Logan? Pffffft!!!

Last words I ever heard Logan say to me were, "Don't worry about it! Follow me!" And then took off down the 7+ rated Coyote Cyn. trail doing about 15 mph, bouncing and slamming metal to rock--in a borrowed Xterra.

Between the way I saw him drive (twice--once in the borrowed Xterra, after getting his FUCKING VOLVO stuck on the trail), and the way he acted with the club afterwards, I knew to write that bag of nuts off--I have little patience for crazy hot chicks, and much much less for crazy old hairy dudes.

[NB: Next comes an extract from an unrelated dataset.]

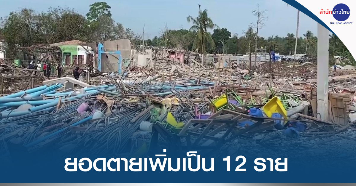 นราธิวาส 30 ก.ค. – เหตุโกดังเก็บประทัดและดอกไม้ไฟระเบิด ที่ตลาดมูโนะ จ.นราธิวาส ยอดผู้เสียชีวิตเพิ่มเป็น 12 ราย มีผู้ประสบภัยมาลงทะเบียนขอรับความช่วยเหลือแล้ว 365 ราย

If it means anything at all (who am I kidding, I know it doesn't!), this exact type of bullshit is what threw me off, not from SCCX, but from the whole group 'wheeling thing altogether. Don't get me wrong, I had a great time with SCCX on the runs I attended, with little exception, but I began to hate the idea that every move was being nitpicked by assholes with nothing better to do than point fingers and begrudge.

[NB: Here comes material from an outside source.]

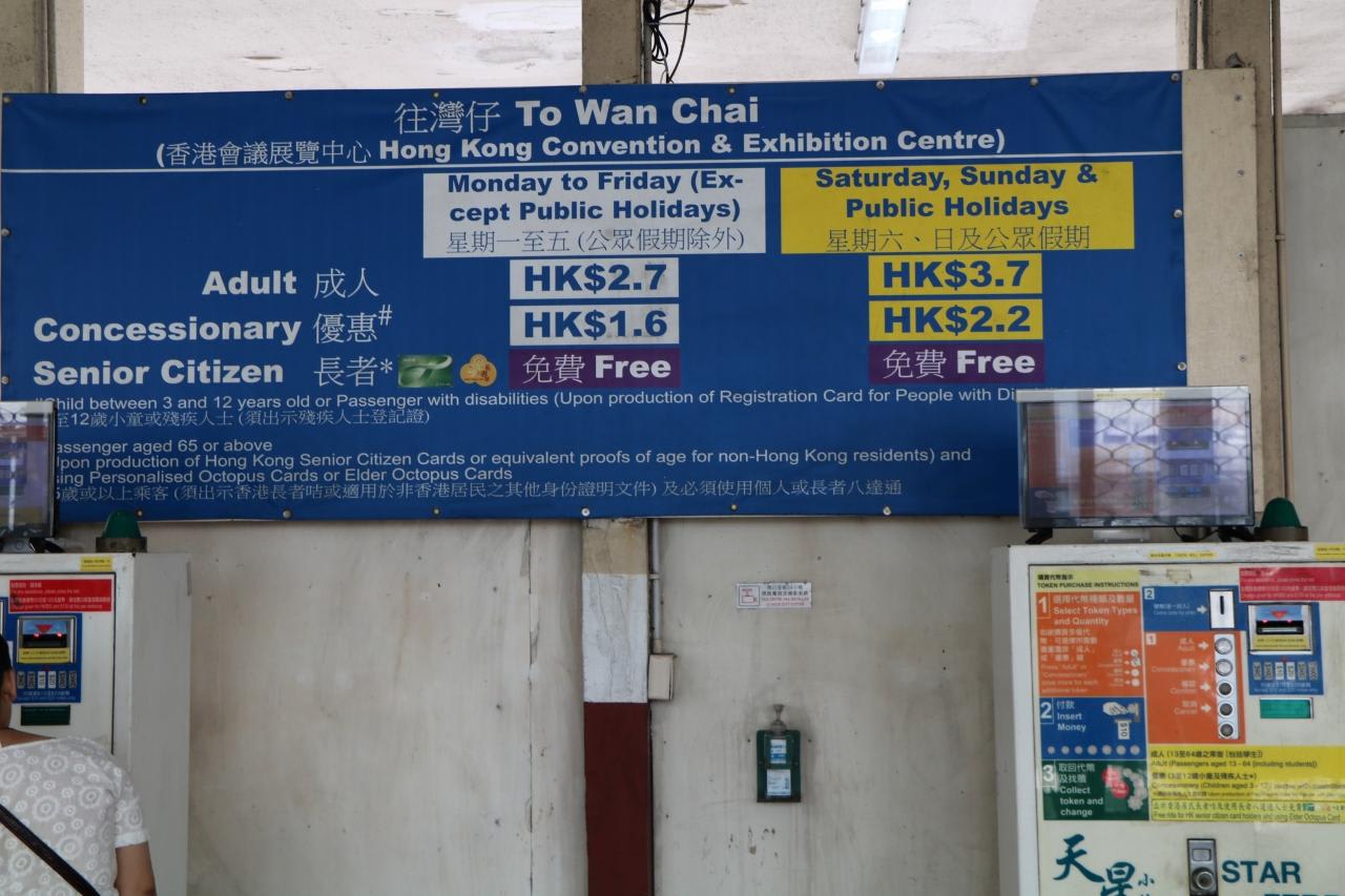 香港観光皮切りはスター・フェリーで九龍サイドから香港島サイドを往復。スター・フェリーの券売所当日は休日で尖沙咀~中環の運賃はたったの3.7HK$(約60円)。平日なら2.7HK$(約40円)

I hated the idea that my jokes could be misconstrued, that sensitivities could be stepped on, that people would misunderstand things, or blow them out of proportion, and that these words and actions would be recorded, re-examined and used as ammunition to point out my transgressions or lack of morals. Hell, I've got a wife for that shit!

I got my truck to escape the legions of jerkoffs that plague my stultified urban life, not to bring them 'wheeling with me.

Thanks to certain members of SCCX, I have learned a valuable lesson...like rattlesnakes and the brown acid, 4x4 clubs are best avoided.